Orujova defended her doctoral thesis in 1947, becoming a Doctor of Technical Sciences. From 1959 to 1967, she worked as a laboratory director at the Institute of Petrochemical Processes in Baku. In 1972 Orujova became a professor and the director of the Institute of Inorganic and Physical Chemistry of the Academy of Sciences of the Azerbaijan SSR. She was one of the first Azerbaijani women to work as an academic at the Academy of the Sciences, working there until 1971. From 1971 to 1983 she worked as the head of the additive composition preparation laboratory at the Institute of Additive Chemistry.

As a scientist, Orujova represented chemistry in Azerbaijan internationally and gave talks in countries such as Portugal, Hungary, Germany and Canada. She was a chairman of the German-Azerbaijani Friendship Society and was on the editorial board of the Azerbaijani Soviet Encyclopedia (1976–1987). In total, she authored more than 300 scientific works. Orujova was awarded with the State Prize of the Azerbaijan SSR in 1970. Throughout her scientific career she was awarded numerous other awards, including the Order of Lenin, the Order of the October Revolution, the Order of the Red Banner of Labour, and the Order of the Badge of Honour.
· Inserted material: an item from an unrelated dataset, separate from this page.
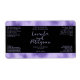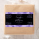 Rótulo para produtos cosméticos e/ou de sabão com fundo preto e uma borda de folha fina roxa. Personalize-o com as informações de seus negócios e produtos.

The Badge of Honour was awarded to her for her contributions to the Soviet war effort in World War II.

== Personal life ==
Orujova's husband, Movsum Ismayilzade, was arrested by the Bolsheviks as an enemy of the people in 1937 and only narrowly avoided execution. He divorced Orujova in anticipation of his arrest to save her from repressions, which could have included exile to Siberia. After having been forced into exile for several years, Ismayilzade was allowed to return to Azerbaijan but he was forbidden from seeing Orujova and from living in Baku. As a consequence, Orujova raised their son, Yilmaz, alone.

Orujova died in Baku on 22 April 1983 at the age of 73. The additive composition preparation laboratory at the Institute of Additive Chemistry was renamed in her honour. On 7 October 2009 a memorial evening was hosted in Orujova's honor at the Museum Centre of the Ministry of Culture of the Republic of Azerbaijan, to mark the 100th anniversary of her birth. She may have been the basis of the Statue of a Liberated Woman in Baku, which was inspired by Sevil.